In my interpretation, LIMITS apply to, and thus select from, both ORIG
and MOD.  You could use a limit dir-A/file-A if you want to include
file-A into the changeset eventhough it no longer exists in MOD.

> 1) It appears that you are pruning both the ORIG and the MOD trees
>    according to how the limits compare to the path names to files in
>    either tree.   I think that the limits specs should refer to paths 
>    in the mod tree only (with a partial exception for limits naming 
>    deleted files).

I know that was your preferred interpretation, but I disagree with
it.  I think we should be able to apply LIMITS to either or both
trees.  Since I did not want to create a complicated LIMITS language,
especially when experimenting, I have opted for a simple language
where LIMITS always apply to both trees.  We could certainly make the
language more expressive, but this is a completely orthogonal issues
to that of proving that the algorithm is integrity-preserving.  For
the purpose of our design, we can simply assume that LIMITS is a pair
of predicates: LIMITS.ORIG and LIMITS.MOD.

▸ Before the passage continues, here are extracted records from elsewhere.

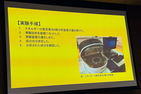 同じく島津製作所を訪問した藤井榮人(中2)さんは、1万円札と1ドル札の違いを分析した。手触りや見た目の差を、 エネルギー分散型蛍光X線分析装置 を用いて成分を比較。色や手触りの違いを、使われている顔料や粘土鉱物成分から考察した。
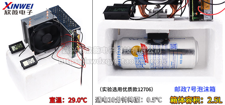 5.[冷端风扇不要开][,这样空气流动大,冷端温度肯定不能太低,这就是为什么别人不送冷端风扇的原因,但是如果在密封的小空间内打开冷端风扇,效果就出来了,整个空间都是冷的!]
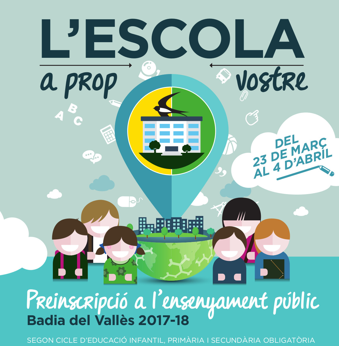 El període de preinscripció a l'ensenyament públic per al segon cicle d'educació infantil, educació primària i educació secundària obligatòria a les escoles i instituts de Badia del Vallès comença demà, 23 de març, i finalitzarà el 4 d'abril. La preinscripció es pot fer de manera presencial o telemàtica. En aquest segon cas, perquè el tràmit tingui efecte, cal imprimir, signar i presentar el comprovant (en paper) acompanyat de la documentació, al centre demanat en primer lloc, dins el termini previst per a la presentació de la documentació.
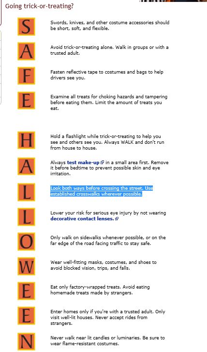 I know you’re worried the Centers for Disease Control and Prevention is botching its handling of Ebola, but never fear! The CDC has Halloween covered for you! In fact, the agency even paid someone to write advice for each letter in SAFE HALLOWEEN. As in, “Hold a flashlight” for “H'” and, “Look both ways,” for “L.”
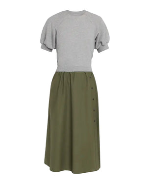 The Shayna dress by Tanya Taylor seamlessly blends comfort with understated elegance. Crafted from soft cotton terry knit, the bodice pairs beautifully with a crisp poplin skirt featuring functional buttons for effortless styling. The crew neckline and short puff sleeves create a refined silhouette, while the relaxed fit ensures all-day wearability. A versatile piece that transitions gracefully from casual to polished occasions.
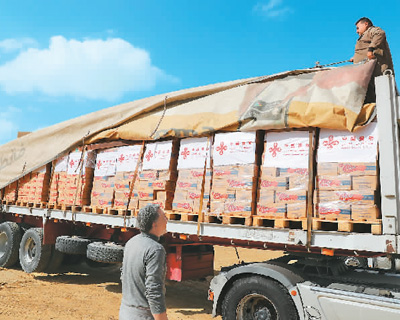 2023年11月27日,在埃及开罗,中国向加沙地带提供的人道主义物资装车等待发运。
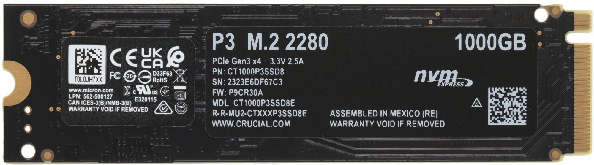 Описание товара Накопитель SSD Crucial P3 3.0 x4 1000Гб (CT1000P3SSD8)
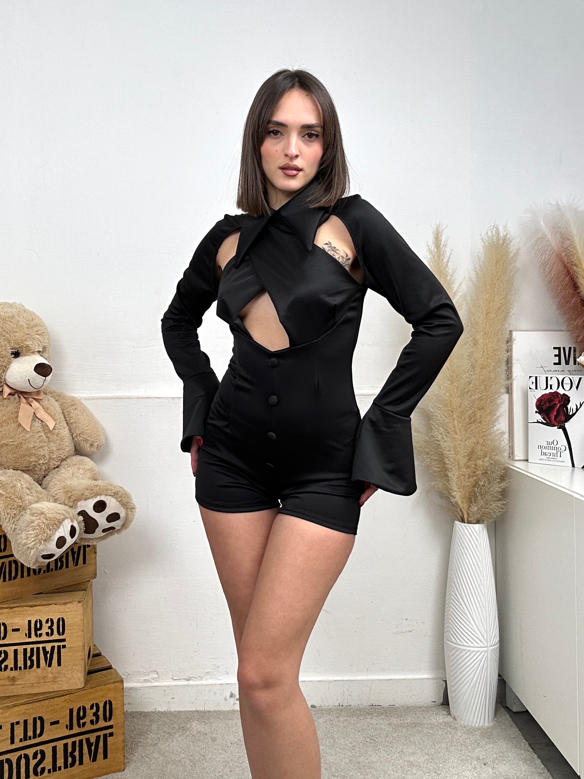 Tutina a giacca, corta a pantaloncino, maniche lunghe e a campana sulle mani, colletto e dettaglio particolare frontale, bottoni finti frontali.
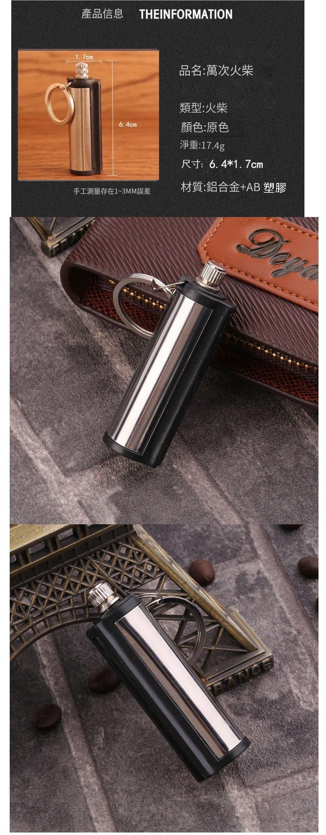 激抵圓柱形萬次火柴不銹鋼鑰匙扣萬次火柴打火機
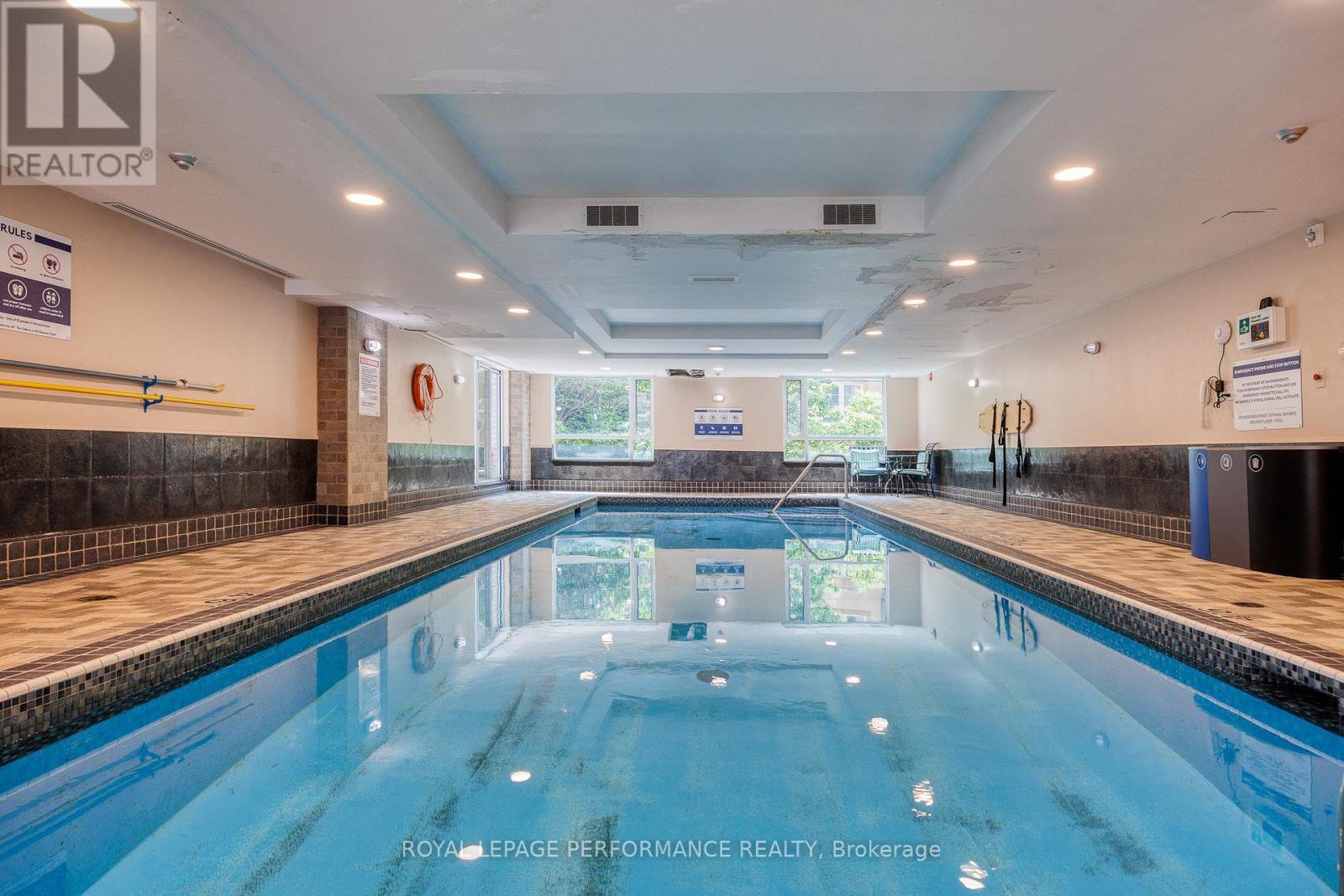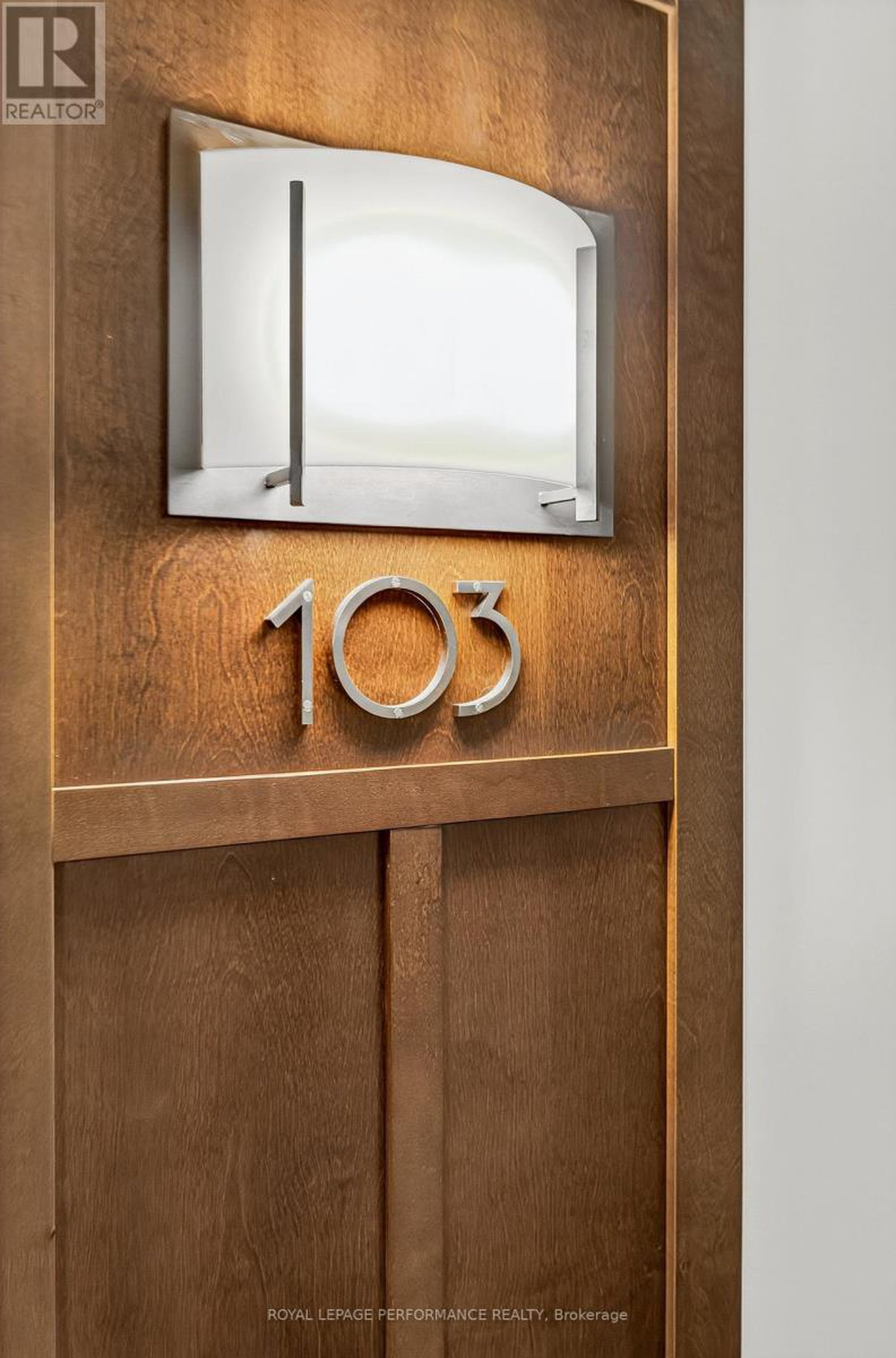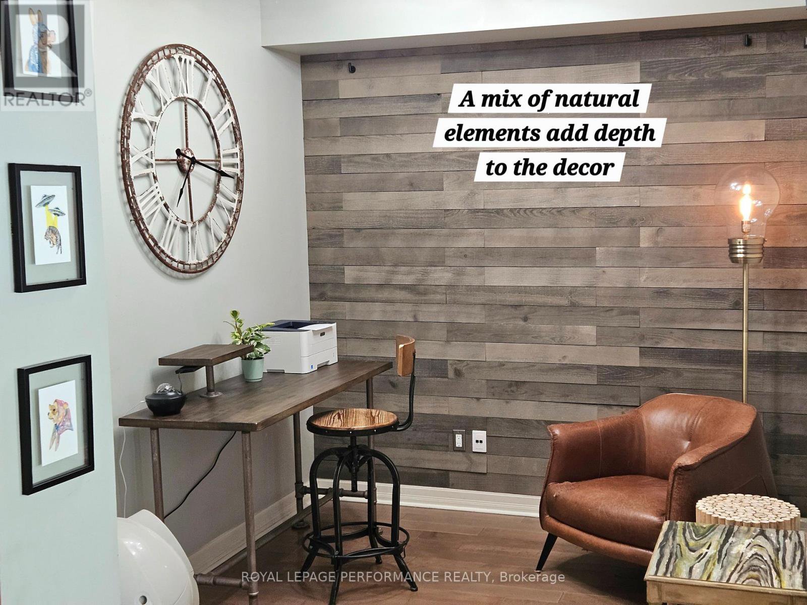 Rarely offered, this modern and elegant 2 BEDRM condo also has a large DEN, 2 FULL bathrooms, 2 INDR underground parking spots & a storage locker. Approx. 1135 sq ft as per Builder's plan. The owner has lovingly added modern upgrades to embrace natural elements into the space; brick facade added to the granite breakfast bar, wood panels in the den, Edison light fixtures and metal and wooden shelving etc. Hardwood flooring throughout and open concept layout. Kitchen features granite countertops, convenient double sink, stainless steel appliances and hidden pantry. Full sized ,newer LG washer and dryer that offers durability while being quiet. Primary Bedrm has a wall of windows with views of the terrace, 2 sets of closet space and a 4 pc ensuite bathrm with a separate shower area. Have a roommate or a guest? 2nd bedroom also has a wall of windows with views of the terrace, & great closet space. Gym and sauna /lounge area on the 2nd floor. Parking P1-7, P1-3. Storage S4-20. Walking distance to grocery stores, LCBO, LRT etc. This building allows for pets - with some restrictions on size. Security - on site.This prime location is perfect for those who love the energy of being downtown. This unit has a walking score of= 99. Transit score =91, Bike Score =97.

> 2) I don't see any code that handles the case of "impossible limits"
>    described above.

as explained, it is not at all impossible, but quite straightforward,
unless I missed the point which is entirely too likely.

> What I _fear_ about this code (simply because I haven't seen any math
> that would prove otherwise) is that it is capable of producing a
> changeset which would not apply cleanly to ORIG (which would be
> disasterous).

Yes, I understand this worry.  With your concern about minimality, the
problem seems to me harder than the one I tried to solve (but perhaps
this is only superficial).  If you forget about minimality, then there
is not much of a problem: you take a full changeset (therefore one
which is guaranteed to apply cleanly) and, (thanks in part to my
notion of a NEEDED directory) only throw out parts affecting entire
subtrees.  This needs to be formalized.  I'll work on it.

Thanks a lot for this thourough analysis.  I think we should proceed
by cataloguing the types of elements in a changeset and formalize
their dependencies.  Hopefully, in this fashion (e.g. using a closure
algorithm) we will be able to compute provably minimal
integrity-preserving changesets.

Cheers,

-- 
Dr. Denys Duchier
Équipe Calligramme
LORIA, Nancy, FRANCE